PROBLEM TO SOLVE →
Omitting all images, transcribe the listing word for word.

DATA SHOWN →
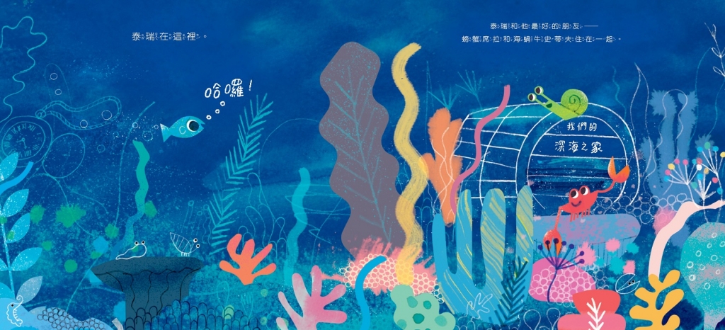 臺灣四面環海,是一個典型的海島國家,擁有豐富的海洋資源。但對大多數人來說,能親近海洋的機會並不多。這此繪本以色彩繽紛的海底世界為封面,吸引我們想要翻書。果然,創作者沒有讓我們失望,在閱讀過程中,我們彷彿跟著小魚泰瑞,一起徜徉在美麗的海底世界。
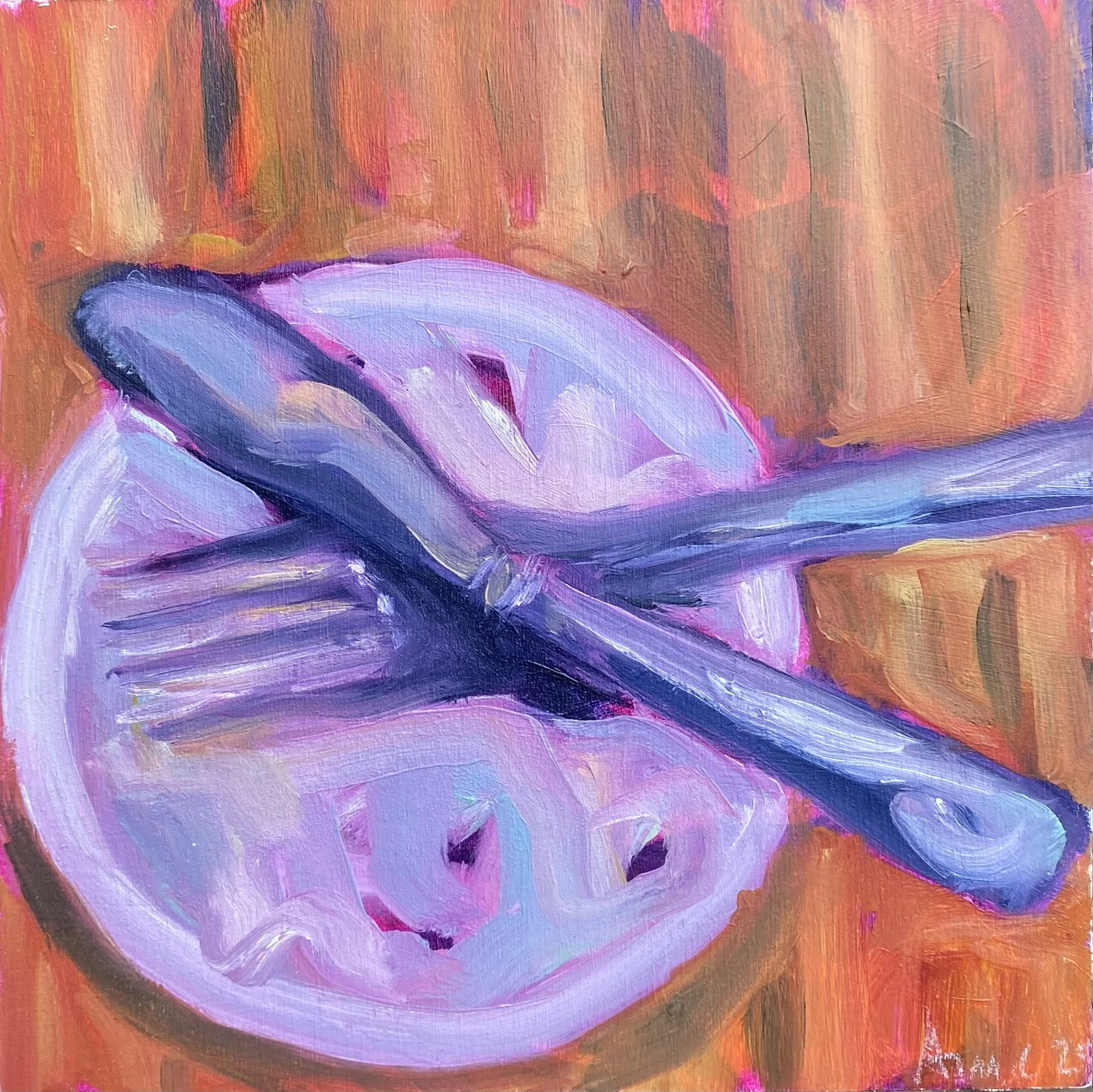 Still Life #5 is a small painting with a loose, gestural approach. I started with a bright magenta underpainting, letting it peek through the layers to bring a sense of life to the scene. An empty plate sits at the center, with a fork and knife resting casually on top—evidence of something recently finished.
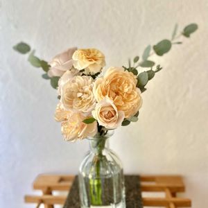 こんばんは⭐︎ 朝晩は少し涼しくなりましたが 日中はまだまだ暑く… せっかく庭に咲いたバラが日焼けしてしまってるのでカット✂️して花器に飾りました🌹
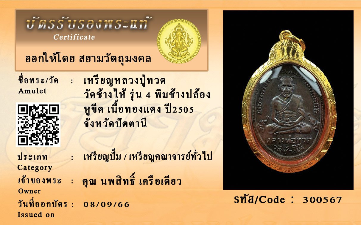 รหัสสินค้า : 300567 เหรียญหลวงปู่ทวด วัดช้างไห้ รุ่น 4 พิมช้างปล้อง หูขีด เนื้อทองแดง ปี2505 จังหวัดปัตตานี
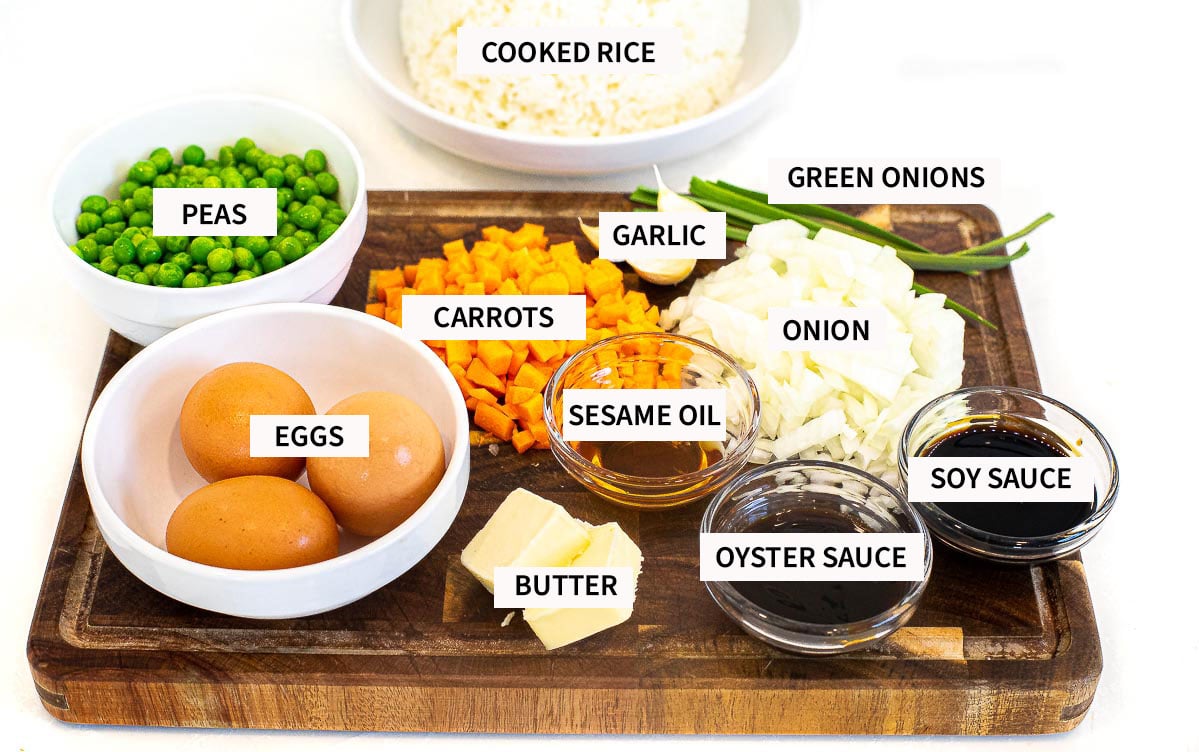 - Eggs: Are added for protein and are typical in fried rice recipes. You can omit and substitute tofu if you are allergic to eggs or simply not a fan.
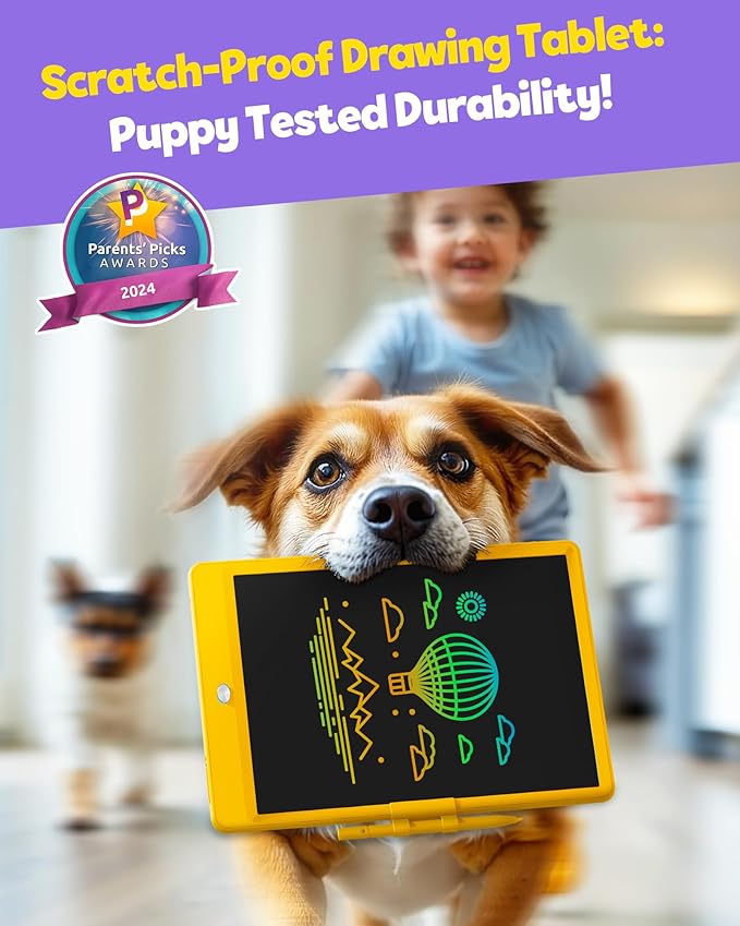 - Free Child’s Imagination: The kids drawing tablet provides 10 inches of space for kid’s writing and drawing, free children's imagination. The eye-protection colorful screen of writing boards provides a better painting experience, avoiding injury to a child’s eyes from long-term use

TASK RESPONSE →
 臺灣四面環海,是一個典型的海島國家,擁有豐富的海洋資源。但對大多數人來說,能親近海洋的機會並不多。這此繪本以色彩繽紛的海底世界為封面,吸引我們想要翻書。果然,創作者沒有讓我們失望,在閱讀過程中,我們彷彿跟著小魚泰瑞,一起徜徉在美麗的海底世界。
 Still Life #5 is a small painting with a loose, gestural approach. I started with a bright magenta underpainting, letting it peek through the layers to bring a sense of life to the scene. An empty plate sits at the center, with a fork and knife resting casually on top—evidence of something recently finished.
 こんばんは⭐︎ 朝晩は少し涼しくなりましたが 日中はまだまだ暑く… せっかく庭に咲いたバラが日焼けしてしまってるのでカット✂️して花器に飾りました🌹
 รหัสสินค้า : 300567 เหรียญหลวงปู่ทวด วัดช้างไห้ รุ่น 4 พิมช้างปล้อง หูขีด เนื้อทองแดง ปี2505 จังหวัดปัตตานี
 - Eggs: Are added for protein and are typical in fried rice recipes. You can omit and substitute tofu if you are allergic to eggs or simply not a fan.
 - Free Child’s Imagination: The kids drawing tablet provides 10 inches of space for kid’s writing and drawing, free children's imagination. The eye-protection colorful screen of writing boards provides a better painting experience, avoiding injury to a child’s eyes from long-term use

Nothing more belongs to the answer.